從biomart上下載兩個物種的orthologs數據集

05-16

什麼是orthologs

參考ensembl官網頁面介紹：Protein trees and orthologies

同源基因可以分為兩大類：直系同源基因（orthologs，Ensembl genome browser 91）和旁系同源基因（paralogs，Ensembl genome browser 91）。

簡單來說，兩個物種中的兩個基因，coalescence的時候，coalescent的節點如果是speciaiton node，那麼這兩個基因就是 orthologs，如果是 gene duplication node，那麼這兩個基因的關係是paralogs。

上述鏈接不僅包含了ensemble計算物種間的ortholog/paralogs的pipeline，同時也給出了輸出結果中各個參數的定義，下面結合biomart的應用例子會有更詳細的解釋。

哪裡下載兩個物種間的orthologs（多個物種間的orthologs另做討論）

首先，打開biomart的網頁： Ensembl Metazoa

點擊 biomart ：

先選定 "Ensemble Metazoa Genes 38"

然後選擇想要物種的dataset，這裡以 Drosophila melanogaster 為例：

注意上圖左邊側欄中的「Filters」和 "Attributes"。

Filters 用來過濾data。

Attributes 用來控制需要輸出哪些信息。

比如想要Drosophila melanogaster 和 Drosophila simulance的orthologs，在filter中勾選相對應的選項即可。

選定想要輸出的Attributes，因為我們需要orthologs，所以特別注意「Homologues" 這個東東：

下拉菜單到需要的Drosophila simulance，勾選需要輸出的相關信息：

設置好filter和attributes，左欄會顯示出相應的數據集、filter條件和待輸出的attributes。

點擊 Results ，此時網頁上會顯示待輸出文件前10行的模樣

目測無誤後，點擊 GO 即可，即可下載文件到本地電腦。

如何處理下載後的數據

從輸出樣式上可以看出來，有5列文件是我們比較感興趣的：

Drosophila simulans homology type
%id. target Drosophila simulans gene identical to query gene
%id. query gene identical to target Drosophila simulans gene
Drosophila simulans orthology confidence [0 low, 1 high]
dN or dS with Drosophila simulans

根據以上信息，可以有以下處理步驟，

1，首先，去冗餘。

可以看到上面輸出結果的截圖中，基因FBgn0052280，有3行輸出記錄。

這是由於一個基因可能會有多個transcript。

基因FBgn0052280的三行記錄中，除了第二列的「Transcript stable ID」信息不同，其餘各列內容都是一致的，考慮到我們只是在找Dmel和Dsim間的orthologs，並不關心「一個基因<=>多個轉錄本」，因此可以只保留其中一行的信息。
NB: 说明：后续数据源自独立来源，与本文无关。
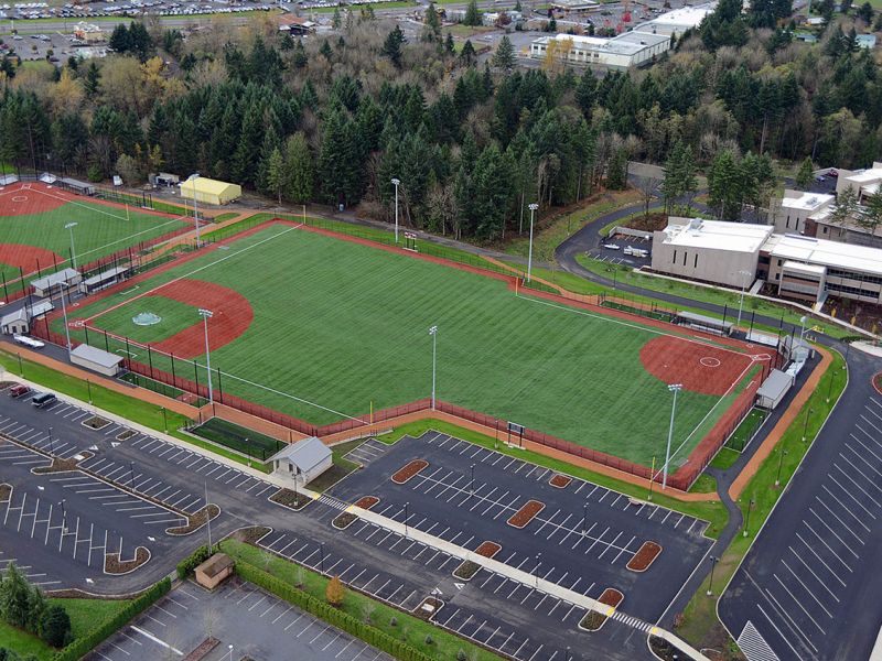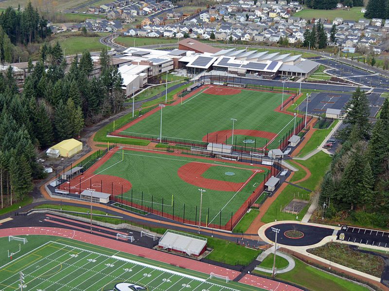 Project involved complete master plan construction for expanded sports fields and support buildings for the new Sandy High School. Work included approximately 400,000 sf of new synthetic turf installed at Football Field and both Varsity and JV Baseball and Softball Fields. Additionally, the existing track was rebuilt and resurfaced along with construction of other track and field event areas. Chain link fencing, backstops, boardwalks, bleachers, and athletic equipment were installed concurrent with construction of the fields. Associated support buildings included concession and restroom facilities, storage buildings, and baseball and softball field dugouts.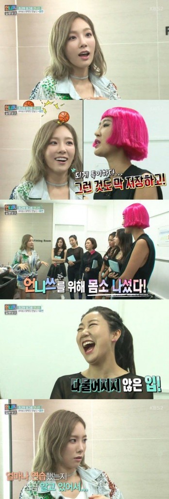 Kim Sook Tiffany’yi göstererek Taeyeon’a, “Siz çocuklar yakın değil misiniz?” diye sorunca, Taeyeon, “Evet biz evli çiftler gibi yakınız.” diyerek cevap verdi.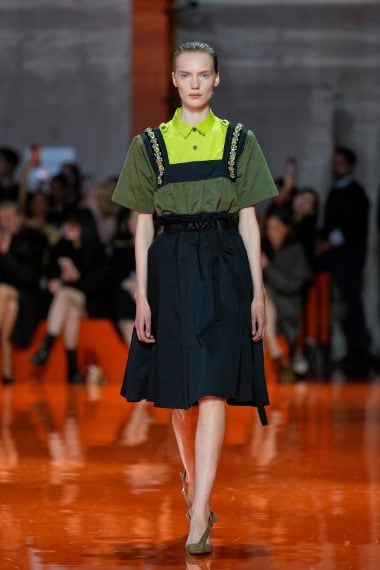 Rigorose tute dal'aria militare, alternate a gonne dai drappeggi volumetrici e alook in color block, accessori in satin e dettagli in pizzo sfilano alla Milano Fashion Week sulla passerella Primavera/Estate 2026 di Prada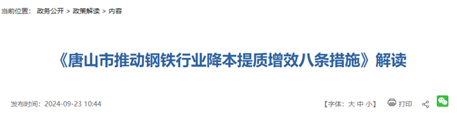 同日,唐山市人民政府網站發布了《唐山市推動鋼鐵行業降本提質增效八條措施》解讀一文。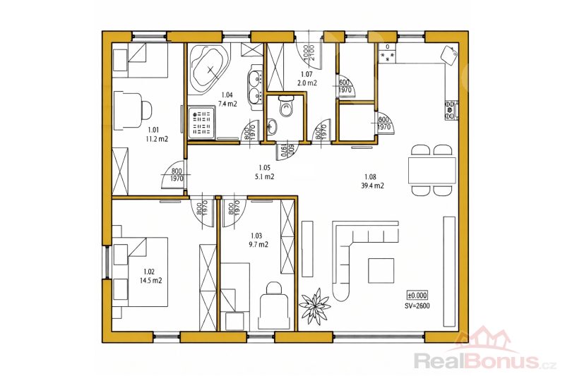 Dispozice domu je 4+kk a nabízí užitnou plochu 100 m2, promyšleně navrženou pro pohodlný každodenní život. Světlý obytný prostor plynule navazuje na zahradu a zastřešenou pergolu, která poskytne perfektní zázemí pro letní posezení, grilování nebo relax s rodinou a přáteli.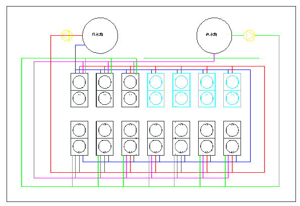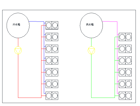 2.1:簡單的方案就是制冷機組和制熱機組分開,各管一邊,互相之間不影響。此時需要配7臺50匹的制冷機組和6臺50匹的制熱機組。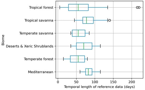 Temporal length distribution of generated reference data in days across different biomes. The box extends from the Q1 to Q3 quartile values of the data and the green line is the median value (Q2). Whiskers extend to 1.5 times the interquartile range (Q3–Q1), and the circles are outliers.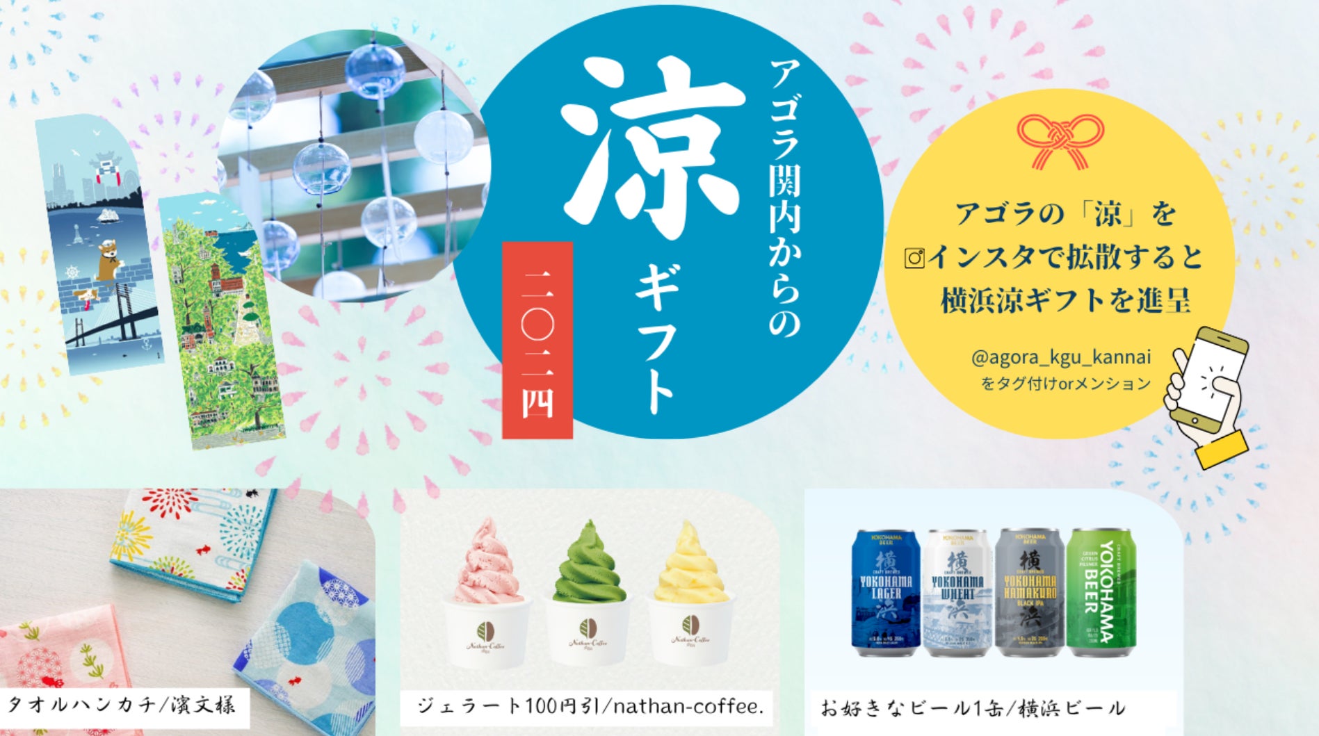 プロジェクト期間中、AGORA KGU KANNAIでは「横浜涼ギフト」キャンペーンを実施します。AGORA KGU KANNAIの公式Instagramアカウントをフォローし、施設内で「涼」をテーマにした写真を撮影して投稿していただくと、濱文様様の和タオルやNathan-Coffee 1884様のジェラート割引券、横浜ビール様のビール缶など、横浜を代表するアイテムをプレゼントいたします。

2，根據 orgholog confidence來過濾

見官方說明Protein trees and orthologies：

We compute a duplication confidence score for each duplication node as the Jaccard index of the sets of species under the two sub-trees. The score is sometimes refered as "species intersection score".

confidence與orthologs的真實度正相關，輸出結果中，絕大多數的 orgholog confidence 是等於1的，可以直接用「orgholog confidence==1」來過濾。

3，根據 Homology types來過濾

見官方說明Protein trees and orthologies：

Using the Gene Trees, we can infer the following pairwise relationships.

Orthologues
Any gene pairwise relation where the ancestor node is a speciation event. We predict several descriptions of orthologues:
1-to-1 orthologues (ortholog_one2one)
1-to-many orthologues (ortholog_one2many)
many-to-many orthologues (ortholog_many2many)
between-species paralogies —only as exceptions, see below — (reusing the three orthology types above)
Paralogues
Any gene pairwise relation where the ancestor node is a duplication event. We predict several descriptions of paralogues:
same-species paralogies (within_species_paralog)
fragments of the same ‐predicted‐ gene (gene_split)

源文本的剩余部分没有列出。